We felt that it was critical to evaluate the specificity of the ELISAs against PPV and PRRSV as these infections are common in swine and natural coinfections of PCV2 with either PPV or PRRSV have been reported (11, 13, 45). Moreover, experimental coinfection of young pigs with PCV2 and PPV produced clinical signs resembling those observed in field cases of PMWS (3, 12, 22, 24). Our results confirmed that neither PCV2 nor ORF2 ELISA reacted with antibodies to PPV or PRRSV. In addition, we intended to test the specificity of our assays to detect antibodies to PCV1, if PCV1 positive serum was available. We expected that the PCV2 ELISA would detect antibodies to PCV1 and PCV2 since reactivity between PCV1 antibodies and PCV2 antigens has been reported (2, 4). In contrast, we expected that ORF2 ELISA would differentiate between antibodies to PCV1 and PCV2 since antibodies to PCV2 recognized the ORF2 gene product of PCV2 but not that of PCV1 (30). However, at least one shared epitope between ORF2 of PCV1 and PCV2 has been reported (30).

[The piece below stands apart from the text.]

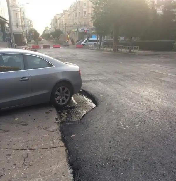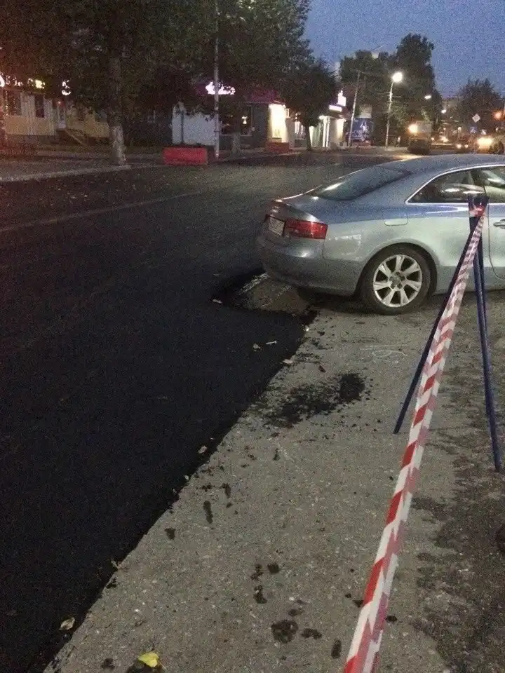 В Рязани ремонтники положили асфальт вокруг припаркованной машины

Recently, PCV2 infection in the pig population has been found to be more common than PCV1 infection (13, 26, 27, 29, 40). By PCR, the number of Canadian pigs coinfected with PCV1 and PCV2 was less than the number of those infected with PCV2 alone (26, 27, 40). Thus far, only PCV2 has been detected by in situ hybridization in tissues of pigs with PMWS in the Midwestern United States (S. D. Sorden, unpublished data). Previously, Hines et al. (19) found that sera from 13 swine herds in the United States contained antibodies to the PK-15 contaminant PCV. However, this should be interpreted carefully as antibodies to PCV2 cross-react with PCV1 and titers as high as 5,120 have been detected when PCV1-infected PK-15 cells were used in IPMA (41). Additionally, a strong association between antibody titers to PCV2 and those to PCV1 of identical serum samples suggested that the reactivity to PCV1 was possibly due to cross-reaction with antibodies to PCV2 infection (41). The specificity of assays to detect antibodies to PCV2 versus antibodies to PCV1 may be less important in geographical areas where PCV1 is not present. In contrast, further testing for reactivity with PCV1 is necessary in regions where PCV1 infections are common.

The ELISA procedures reported here are relatively simple and should be applicable worldwide since homology among PCV2 isolates from North America, Europe, and Asia is reported to be 95 to 99% (14). Both assays have been well standardized and validated and thus provide valuable tools for the detection of antibodies to PCV. Due to the semiquantitative nature of ELISA, the application of both assays is not limited to diagnosis of prior infection or the estimation of prevalence in a target population. In addition, both ELISAs could be used for determining the pattern of decaying maternal antibody to PCV2 and the minimum level of antibody for protection against PCV2 infection. Further refinement of both assays to differentiate the immune status between healthy PCV2 antibody positive animals and those with progressive PMWS should be pursued.